__TASK__. Within the records that follow, restate exactly the lines from the line with "结合经济增速、避险情绪、恶性" down to the line with "Arrancá precalentando el", including both. Omit the pictures.

__DATA FOR THE TASK__.
★ ★ ★ ★ ★

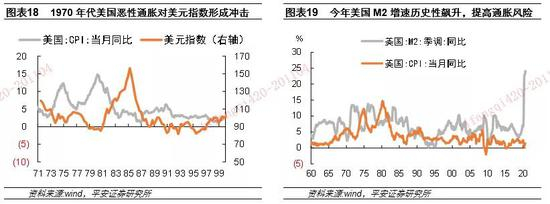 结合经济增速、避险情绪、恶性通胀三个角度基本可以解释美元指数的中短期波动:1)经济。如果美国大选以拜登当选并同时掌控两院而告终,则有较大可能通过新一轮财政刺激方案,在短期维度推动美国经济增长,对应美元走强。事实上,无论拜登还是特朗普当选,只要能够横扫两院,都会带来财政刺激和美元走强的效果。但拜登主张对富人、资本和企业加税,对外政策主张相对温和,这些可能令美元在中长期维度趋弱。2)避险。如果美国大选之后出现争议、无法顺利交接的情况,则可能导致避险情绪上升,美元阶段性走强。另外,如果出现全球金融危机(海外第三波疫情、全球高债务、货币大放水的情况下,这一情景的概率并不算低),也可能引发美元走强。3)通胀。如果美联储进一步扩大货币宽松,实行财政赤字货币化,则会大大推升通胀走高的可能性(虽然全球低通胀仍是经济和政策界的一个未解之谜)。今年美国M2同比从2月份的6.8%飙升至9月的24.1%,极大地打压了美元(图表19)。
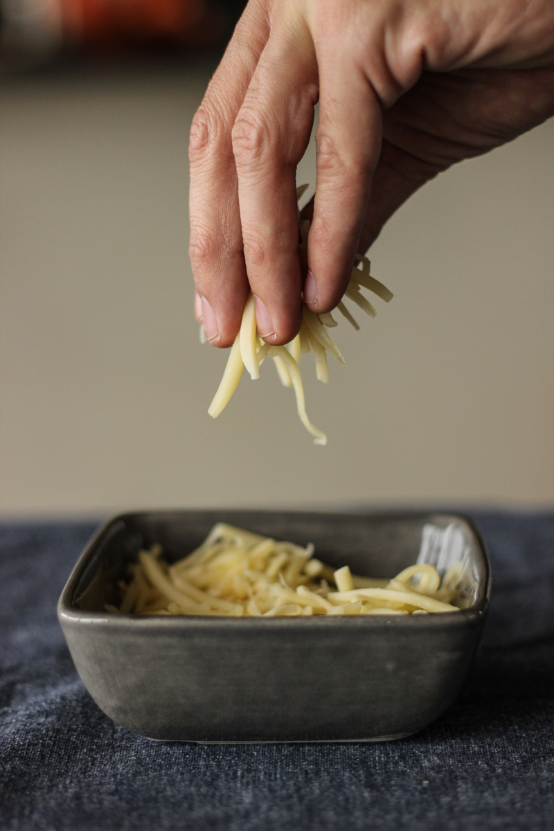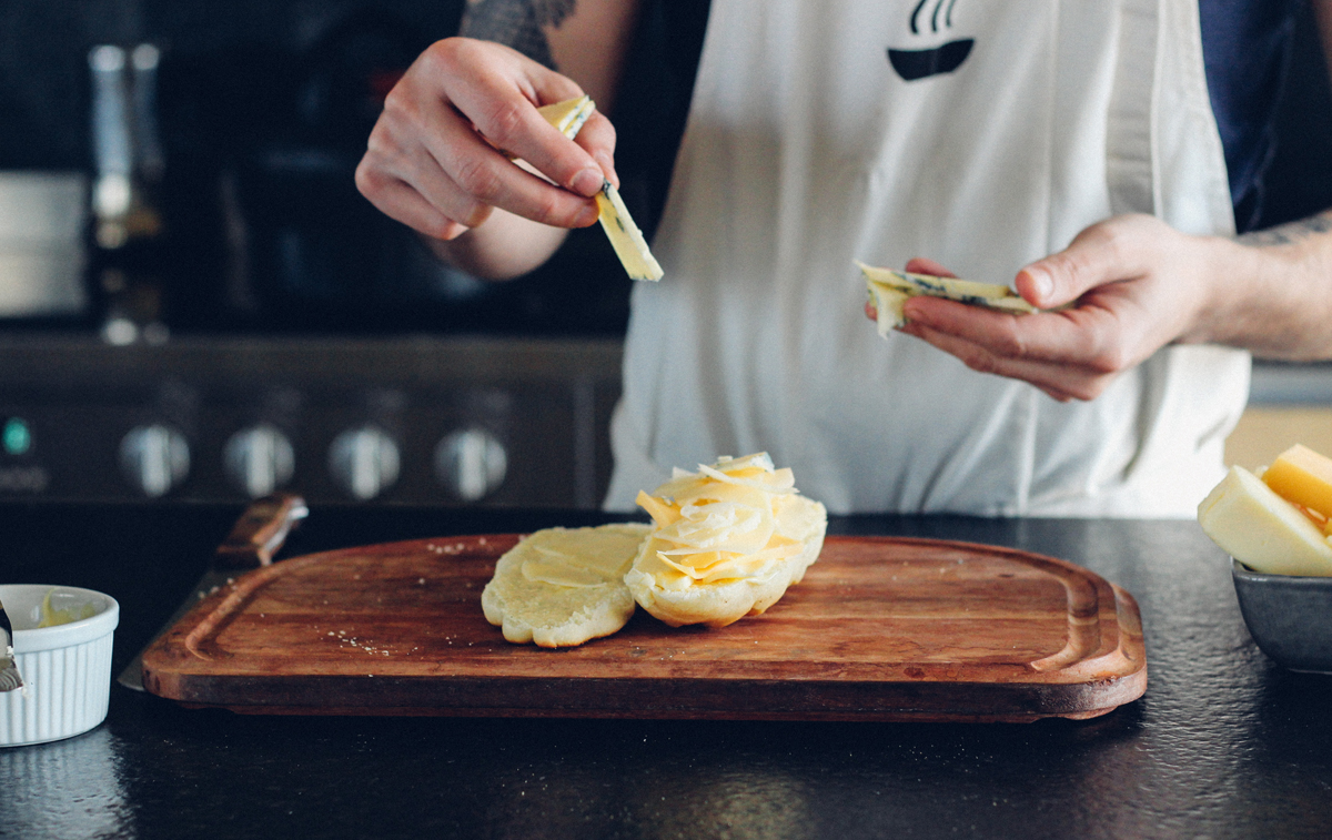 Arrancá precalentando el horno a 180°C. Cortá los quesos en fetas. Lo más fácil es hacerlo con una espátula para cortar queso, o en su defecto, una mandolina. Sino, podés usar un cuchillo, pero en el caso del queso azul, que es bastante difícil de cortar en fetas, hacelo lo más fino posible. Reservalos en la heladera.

★ ★ ★ ★ ★

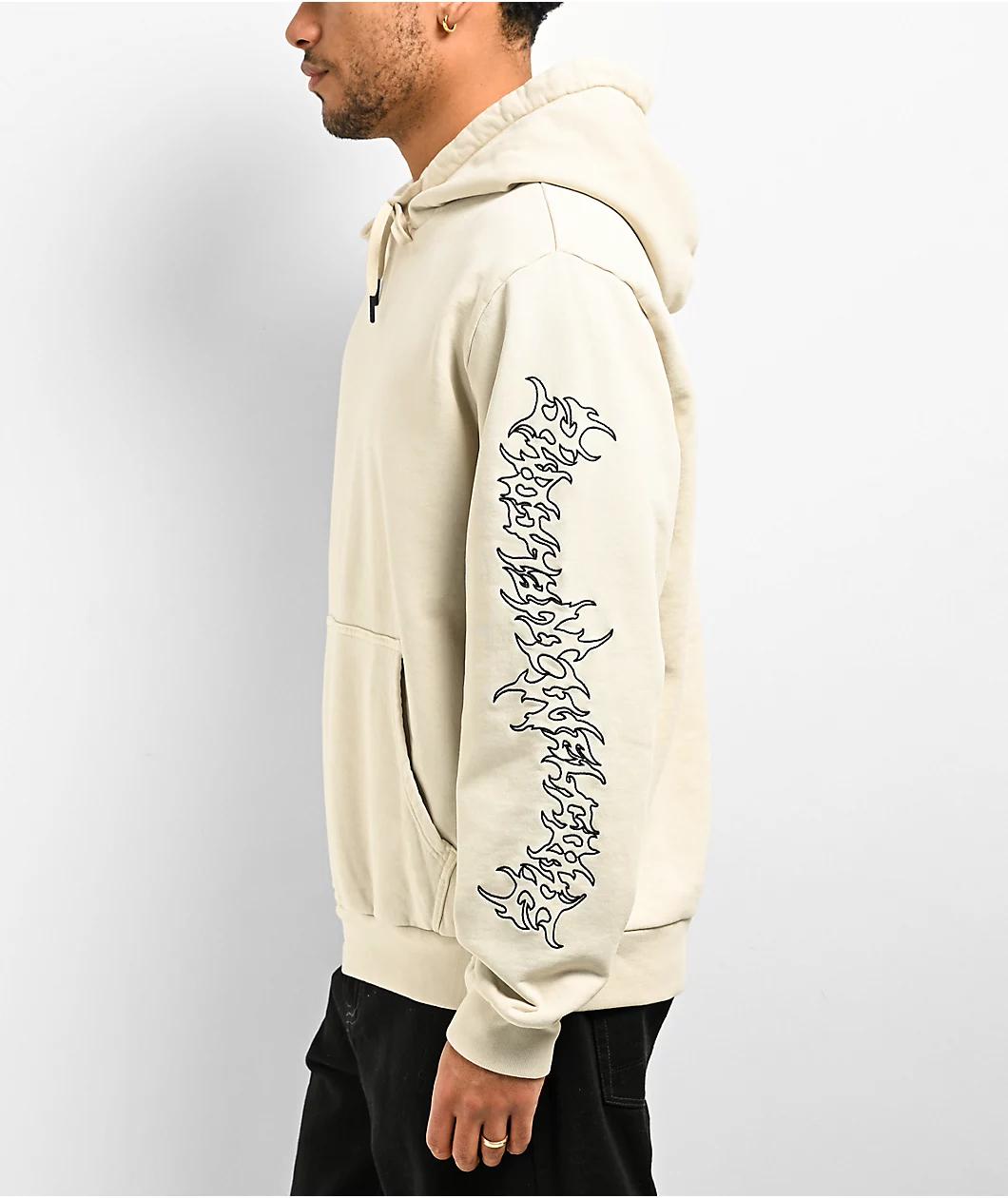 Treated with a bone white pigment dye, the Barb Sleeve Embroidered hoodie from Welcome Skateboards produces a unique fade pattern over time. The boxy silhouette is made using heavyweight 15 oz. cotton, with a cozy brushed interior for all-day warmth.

★ ★ ★ ★ ★

__EXPECTED ANSWER__.
 结合经济增速、避险情绪、恶性通胀三个角度基本可以解释美元指数的中短期波动:1)经济。如果美国大选以拜登当选并同时掌控两院而告终,则有较大可能通过新一轮财政刺激方案,在短期维度推动美国经济增长,对应美元走强。事实上,无论拜登还是特朗普当选,只要能够横扫两院,都会带来财政刺激和美元走强的效果。但拜登主张对富人、资本和企业加税,对外政策主张相对温和,这些可能令美元在中长期维度趋弱。2)避险。如果美国大选之后出现争议、无法顺利交接的情况,则可能导致避险情绪上升,美元阶段性走强。另外,如果出现全球金融危机(海外第三波疫情、全球高债务、货币大放水的情况下,这一情景的概率并不算低),也可能引发美元走强。3)通胀。如果美联储进一步扩大货币宽松,实行财政赤字货币化,则会大大推升通胀走高的可能性(虽然全球低通胀仍是经济和政策界的一个未解之谜)。今年美国M2同比从2月份的6.8%飙升至9月的24.1%,极大地打压了美元(图表19)。
 Arrancá precalentando el horno a 180°C. Cortá los quesos en fetas. Lo más fácil es hacerlo con una espátula para cortar queso, o en su defecto, una mandolina. Sino, podés usar un cuchillo, pero en el caso del queso azul, que es bastante difícil de cortar en fetas, hacelo lo más fino posible. Reservalos en la heladera.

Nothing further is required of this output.